Illustrating the process of selecting the studies. The diagram depicts the number of records that were identified, included, and excluded, as well as the reasons for exclusions.

https://doi.org/10.1371/journal.pone.0308009.g001

A brief summary of the main characteristics of the studies that were included is given in Table 1. The prognosis section’s papers were released between 2014 and 2022, whilst the diagnosis section’s articles were published between 2019 and 2021. The prognosis meta-analysis section analyzed a total of 378 CRC cases from China and Turkey to assess OS. Additionally, 436 cases from China and Turkey were examined to evaluate DFS. Tumor tissue was used for two diagnostic studies [29, 30], while fecal samples were used in only one study [31]. All prognosis assessments were on tumor tissue samples.

Quality assessment

Independent investigators evaluated the quality of the included studies using the NOS (Table 2). There was little chance of bias for the included studies as 10 of them, or 83.3% of the total, had a “good” score, 2 of them, or 16.7% of the total, had a “fair” score, and no study had a “poor” score.

Meta-analysis of diagnostic value of MALAT1 in CRC

The AUC values for MALAT1 on the diagnosis of CRC were published in three of the included studies [2931]. Ji et al. [30] compared tissue samples with matched lung or liver metastases to tissues without metastases, while Chaleshi et al. [29] and Gharib et al. [31] compared samples from cancer patients with non-cancerous samples.

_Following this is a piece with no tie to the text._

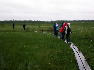 Tankavaarassa tutustuimme Koilliskairan luontokeskukseen, josta jatkoimme Sodankylän Ilmakkiaavan soidensuojelualueelle. Keli oli sateinen, mutta linnusto ja kasvillisuus olivat aivan erityyppistä kuin mitä olimme nähneet, joten kuski sai yksin pyöritellä päätään ilmastoidussa autossaan muiden ihmetellessä mustalintupoikuetta, uiveloita, sinisuohaukkaa, erilaisia saroja, raatteita ja keltasompasammalta.

For case-to-control studies with 126 cases and 126 controls, the random effects model with inverse variance method produced a pooled AUC value of 0.6173 (95% CI: 0.5436–0.6909) (Fig 2). The pooled AUC value of 0.6173 indicates that the MALAT1 model for diagnosis has a 61.73% chance of correctly distinguishing between a randomly chosen positive case (a patient with CRC) and a negative case (a healthy control), assigning a higher risk score to the former. By comparing these findings to other biomarkers used for CRC, additional insights can be gained. For example, certain studies have discovered that the sensitivity, specificity, and AUC value of individual extracellular vesicle (EV) RNAs and EV RNA panels for early CRC detection were 76%, 75%, and 0.87, and 82%, 79%, and 0.90, respectively [32]. Furthermore, additional research has indicated that metabolites, specifically palmitoylcarnitine and sphingosine, have the potential to be used as biomarkers. These biomarkers have demonstrated AUC values exceeding 0.80 in both serum and cells [33].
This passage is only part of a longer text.